I agree regarding survey timing. If Phase 1 is data collection, surveys should be going out now not in, or near, the end of Phase 2 which is data “analysis”. What data are you analyzing if you only have constituent/parent data from those who may be able to attend the community meetings. There should be survey data sent to and collected from all parents/guardians AND students, and teachers and administrators as well. In addition, there should be meeting with local gov’t to collect data and concerns regarding housing, roads, traffic congestion, or other factors they have a stake-in or to gather data regarding population trends pertinent to schools.
This process is tainted from the outright and is not agnostic. The first priority given by the School board is listed as “equity”. Equity is not Equality. The concept of equity is rooted in a desire to compensate for past injustices and making active adjustments to address them in order to drive towards a uniform outcome. However, uniform outcome is not what Fairfax County Schools should be attempting to achieve. FCPS should be attemting to make each student achieve at their highest capability. A strongly Autistic individuial is not going to perform at the same level as a kid with a +140 IQ. Equity would have the Autistic student testing at the same level as the kid with the +140 IQ, which means that katie bar the door, all resources no matter the cost should be thrown at the autistic kid at the expense of cultivating and challenging the +140 IQ kid.
The boundary review should be social engineering agnostic. The priorities are simple and can be summarized as:
1) Contiguous, compact boundaries. This priority is meet with the boundary can be completely drawn without lifting a pen and the ratio of the circumference of a district and its total area should be as small as possible.

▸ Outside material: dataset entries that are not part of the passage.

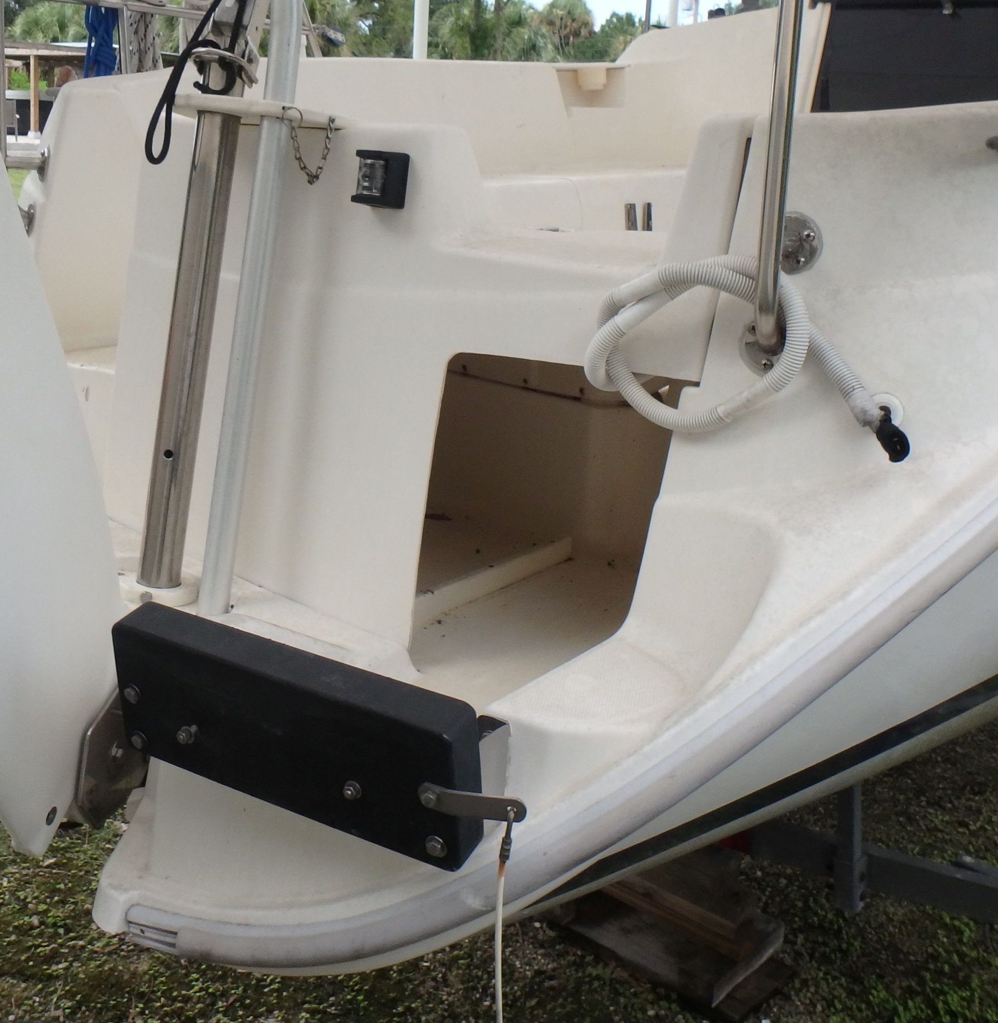 I had an 8 hp Honda on mine and replaced it with a 5 hp Mercury propane. It works fine. I bought the standard Sailboat model without the extra long shaft. The mount on the H240 is very low to the water.Fuel Compartment Transom Opening.jpg
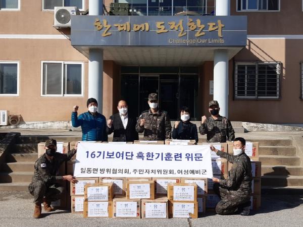 일동면방위협의회 김남현 의장은 “주민생활 안정을 위해 혹한기 훈련으로 고생하는 군장병에게 따뜻한 마음이 전달되었기 바라며, 앞으로도 민관군이 어려운 시기에 협업을 통해 함께 상생해 나갈 수 있도록 노력하겠다.”고 말했다.
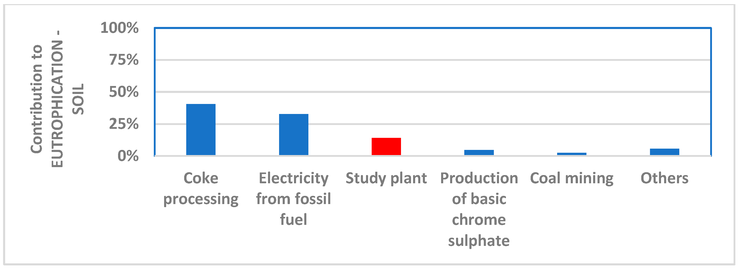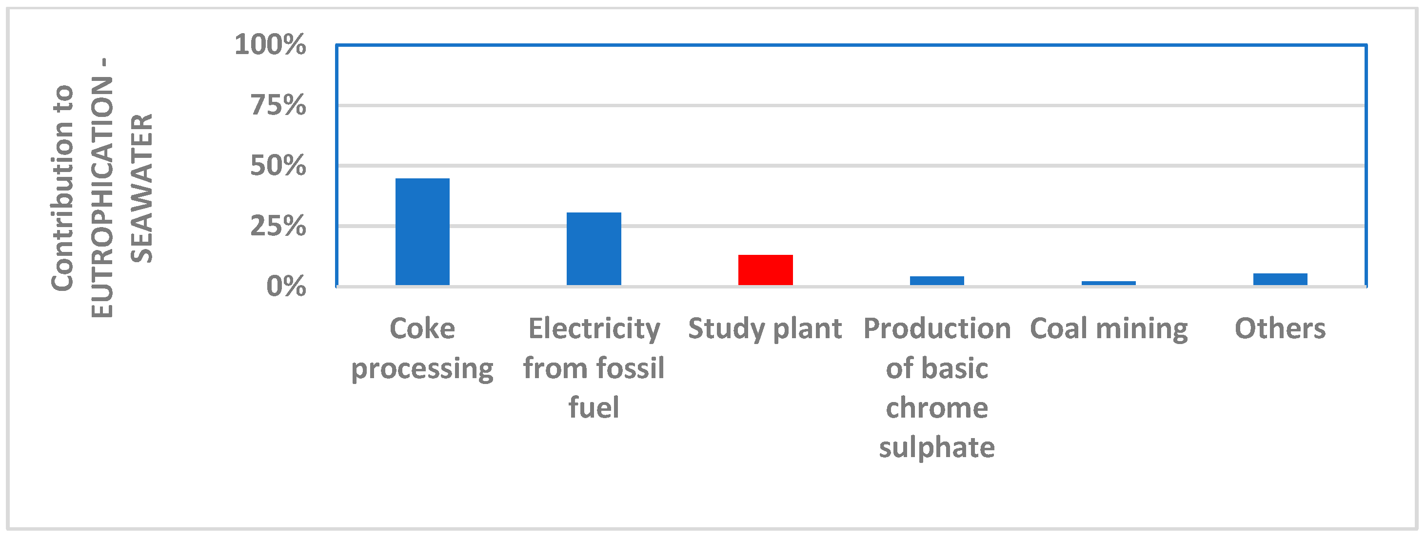 - Moderate contribution. The values cannot be neglected, but they are not predominant in the whole impact. It is the case of acidification (11.3%), eutrophication of seawater (13%), eutrophication of soil (14.1%), and photochemical ozone formation (13%). The value in brackets represents the direct contribution of the plant to the whole impact.
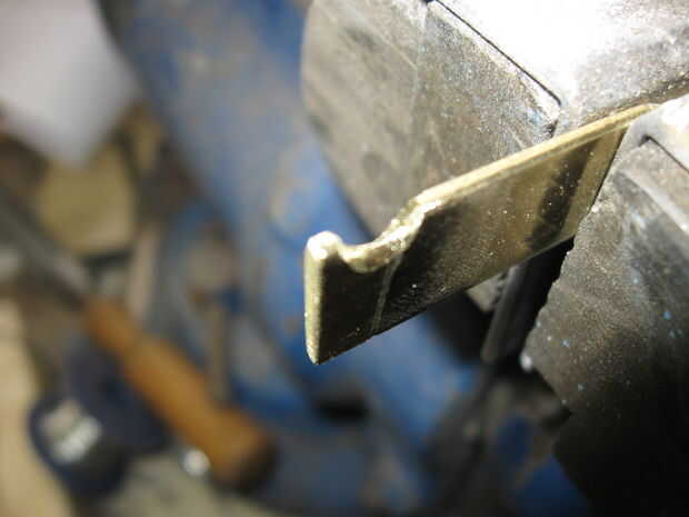Forma de una pequeña pieza de latón duro para servir como el gatillo.
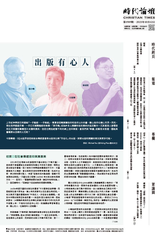 上午9時30分 「活在間閾中——教會在變遷中的身分與調適」教牧研討會及公開講座
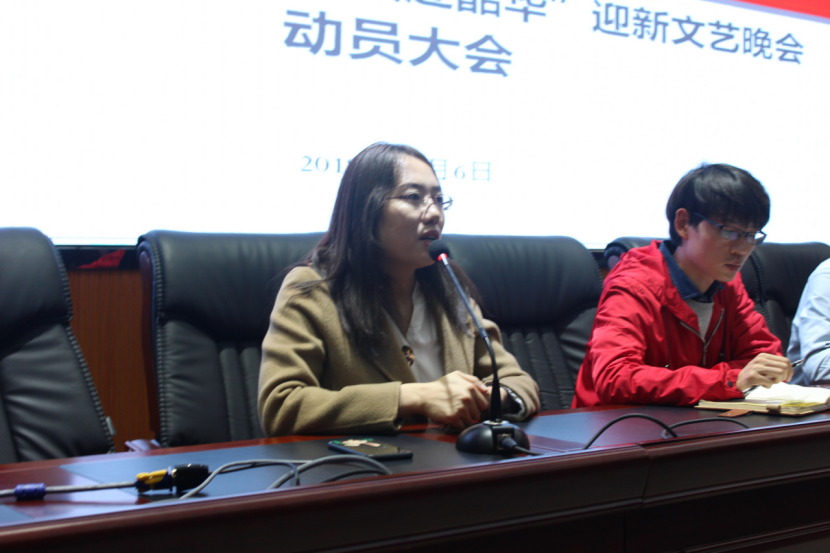 王娜作总结发言,她再次提出了迎新晚会的重要性,学院领导对其高度重视,是最近学院的中心工作之一。她表扬了在场参与人员的自觉性和积极性,鼓励大家,树立信心。她还对近期演员早操、晚自习等工作做了安排。

2) Bus routes shall not exit a school boundary.
3) Subdivisions, as defined by the Fairfax County Deed Book plats, shall not be divided unless the total population of a subdivision is greater than the school being fed. Example: the Crosspoint community in southern Fairfax.

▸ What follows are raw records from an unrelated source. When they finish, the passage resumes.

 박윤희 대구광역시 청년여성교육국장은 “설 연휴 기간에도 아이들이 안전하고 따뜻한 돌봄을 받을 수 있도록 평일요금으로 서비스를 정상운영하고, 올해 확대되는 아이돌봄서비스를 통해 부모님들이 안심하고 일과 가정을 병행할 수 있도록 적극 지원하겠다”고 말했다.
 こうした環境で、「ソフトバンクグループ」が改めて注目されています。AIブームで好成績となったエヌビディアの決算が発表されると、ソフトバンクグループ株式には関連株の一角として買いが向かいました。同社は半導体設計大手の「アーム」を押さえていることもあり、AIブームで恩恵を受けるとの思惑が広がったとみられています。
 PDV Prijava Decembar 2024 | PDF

4) Boundaries shall be drawn in accordance with projected population densities and compositions as well as operational school capacities (to include renovations and future builds) for the year 2034, so that we don’t have overcrowded schools that necessitate off cycle redistricting.
5) School boundaries and pyramids shall be such that a single school board representative represents all students in a given school, excluding AAP feeders, IB feeders and TJ.

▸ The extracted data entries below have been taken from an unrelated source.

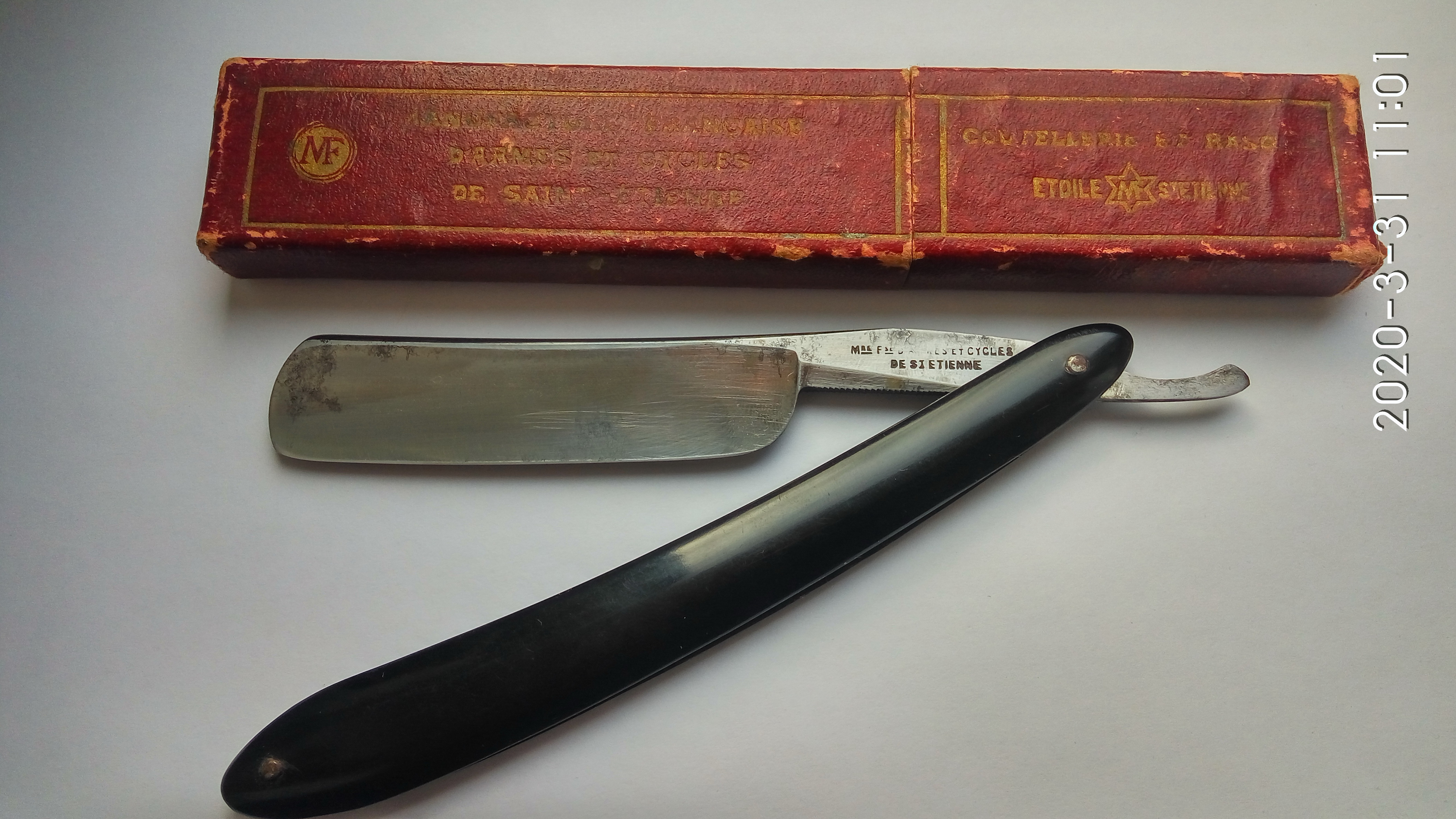 Ну и собственно подтверждение: По "MF" - возможно это "Middle France" (вроде как Центр Франции). Ещё инфа (на французском) на конверте от лезвия : "LAME DE RASOIR FRANCAISE ETOILE MANUFACTURE D'ARMES ET DE CYCLES DE SAINT ETIENNE LOIRE" (...производство оружия и велосипедов... - если переводчик не врёт
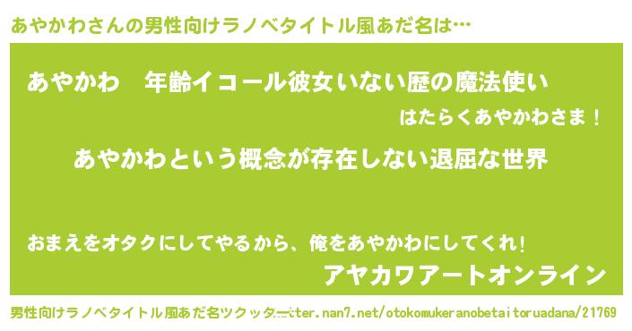 | ヘコむあだ名 | 『あやかわ(笑)』『あやふぇ~』 |
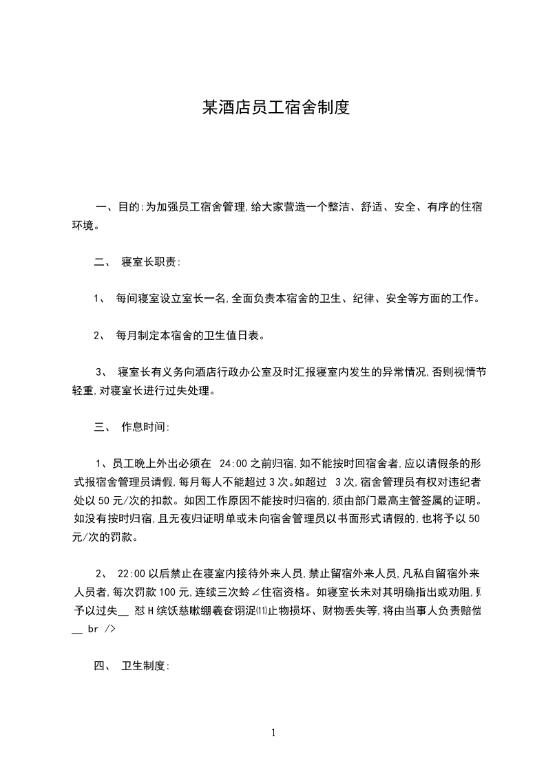 一、目的:为加强员工宿舍管理,给大家营造一个整洁、舒适、安全、有序的住宿环境。
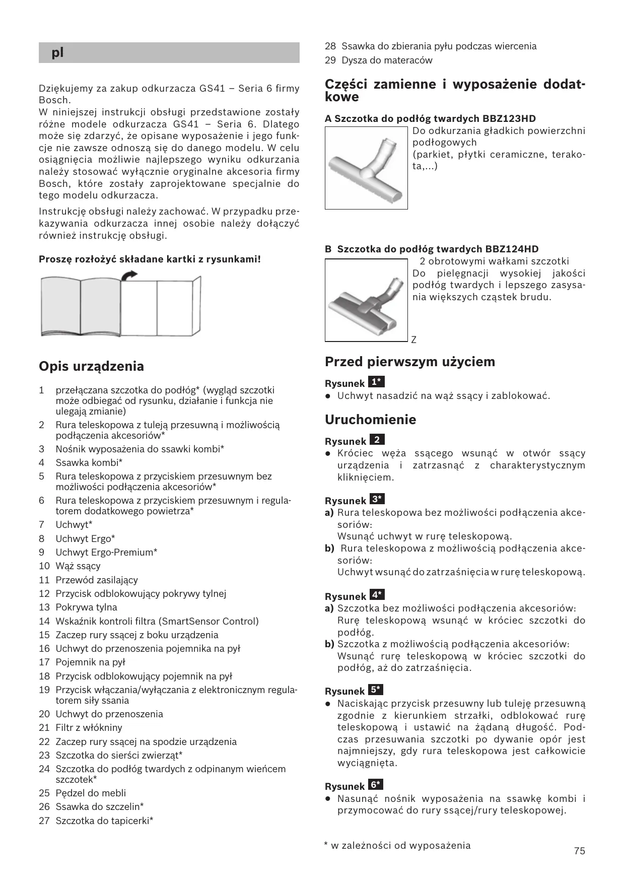 Conservare le istruzioni per l'uso. In caso di cessione dell'aspirapolvere a terzi, si raccomanda di consegnare anche le istruzioni per l'uso. Die Gebrauchsanweisung bitte aufbewahren. Bei Weitergabe des Staubsaugers an Dritte bitte Gebrauchsanweisung mitgeben. Congratulations on your purchase of a Bosch vacuum cleaner from the GS41 – Serie 6 series. This instruction manual describes various GS41 – Serie 6 models, which means that some of the equipment features and functions described may not apply to your model. You should only use genuine Bosch accessories – these have been specially developed for your vacuum cleaner to achieve the best possible vacuuming results. Please keep this instruction manual for future reference. When giving the vacuum cleaner to a third party, please also pass on this instruction manual. GS41 – Serie 6. Il se peut donc que toutes les caractéristiques et les fonctions décrites ici ne concernent pas votre aspirateur. Utilisez exclusivement les accessoires d'origine Bosch. Ils sont spécialement conçus pour votre aspirateur, pour vous permettre d'obtenir un résultat de nettoyage optimal. Conservez la présente notice d'utilisation. Si vous remettez l'aspirateur à une tierce personne, veuillez-y joindre sa notice d'utilisation. Veuillez déplier les volets illustrés !

The method used to achieve the new boundary definitions is simple. The average of a 10,000 run Montecarlo simulation to define the school boundaries using each school as the starting point for a boundary and growing the boundary until the projected 2034 capacity level of the school is reached.
Politics, social engineering, and especially EQUITY have no business in this simple resource allocation problem. THIS IS SIMPLE SYSTEMS ENGINEERING.
The bullet points are from the community feedback, and not from the School Board. The author of this blog chose to feature “equity” first, but that was just one of many issues identified by community members (I was there) and there was absolutely no consensus that “equity” should be the top priority.
The summary also omits that some noted during the breakout sessions that FCPS should come out with an updated renovation queue before it starts moving kids around (which you appear to allude to), and that there should be clear and objective criteria for changing boundaries.
To quote from the article: “David Irwin of Thru Consulting, which was hired by FCPS to oversee the boundary study, outlined the four priorities identified by the school board:
Ensure equitable access to programs and facilities.”
Equity is FCPS’s priority #1 and this needs to be remedied.